A block Q Of mass 70 kg is at rest on a table it is connected to block P By means two light inextensible strings knotted at S .A Third string is arranged in such a way that the string connecting block Q is horizontal.
Calculate the maximum weight of block P for which block Q will just begin to slip
To calculate the maximum weight of block P for which block Q will just begin to slip, we need to consider the forces acting on block Q. There are two forces acting on block Q: the weight (mg) acting vertically downwards and the tension in the string (T) acting horizontally towards the right. The tension in the string can be broken down into two components: one component acting vertically upwards (Tsinθ), which balances the weight of block Q, and the other component acting horizontally towards the right (Tcosθ), which can cause the block to slip.

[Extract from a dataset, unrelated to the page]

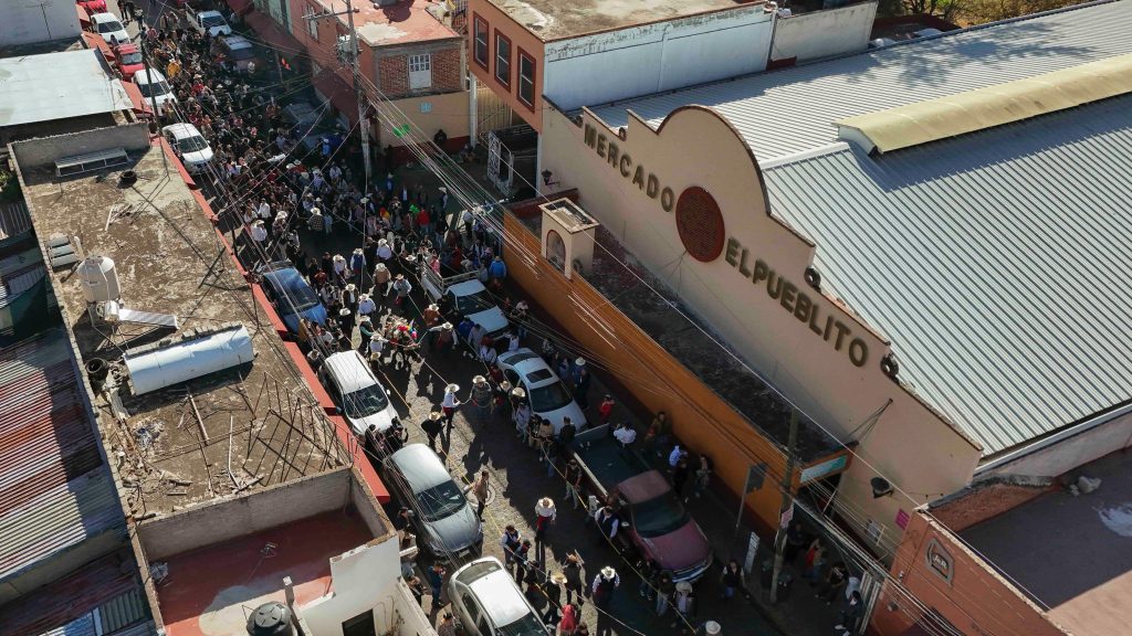 En la entrada de la Basílica de Nuestra Señora de El Pueblito, el padre guardián del recinto, Fray Antonio Miranda Arroyo, realizó la bendición de los bueyes llevados por las corporaciones entrante y saliente, acompañado del rector de la Basílica, Fray Francisco Salinas Osornio; el párroco de San Francisco Galileo, Pbro. Jaime Gutiérrez, representantes de las corporaciones y mayordomías, así como miembros del Gabinete Municipal y regidores.

To find the angle θ, we can look at the geometry of the system. The string connecting block Q is horizontal, which means the angle between the string and the vertical direction is 90 degrees. Therefore, the angle between the string and the horizontal direction (θ) is also 90 degrees.
Since the angle θ is 90 degrees, the horizontal component of tension (Tcosθ) becomes zero. Therefore, the tension in the string (T) will only balance the weight of block Q, which means the maximum weight of block P for which block Q will just begin to slip is equal to the weight of block Q.
Weight of block Q = mass of block Q * acceleration due to gravity
Weight of block Q = 70 kg * 9.8 m/s^2
Weight of block Q = 686 N
Therefore, the maximum weight of block P for which block Q will just begin to slip is 686 N.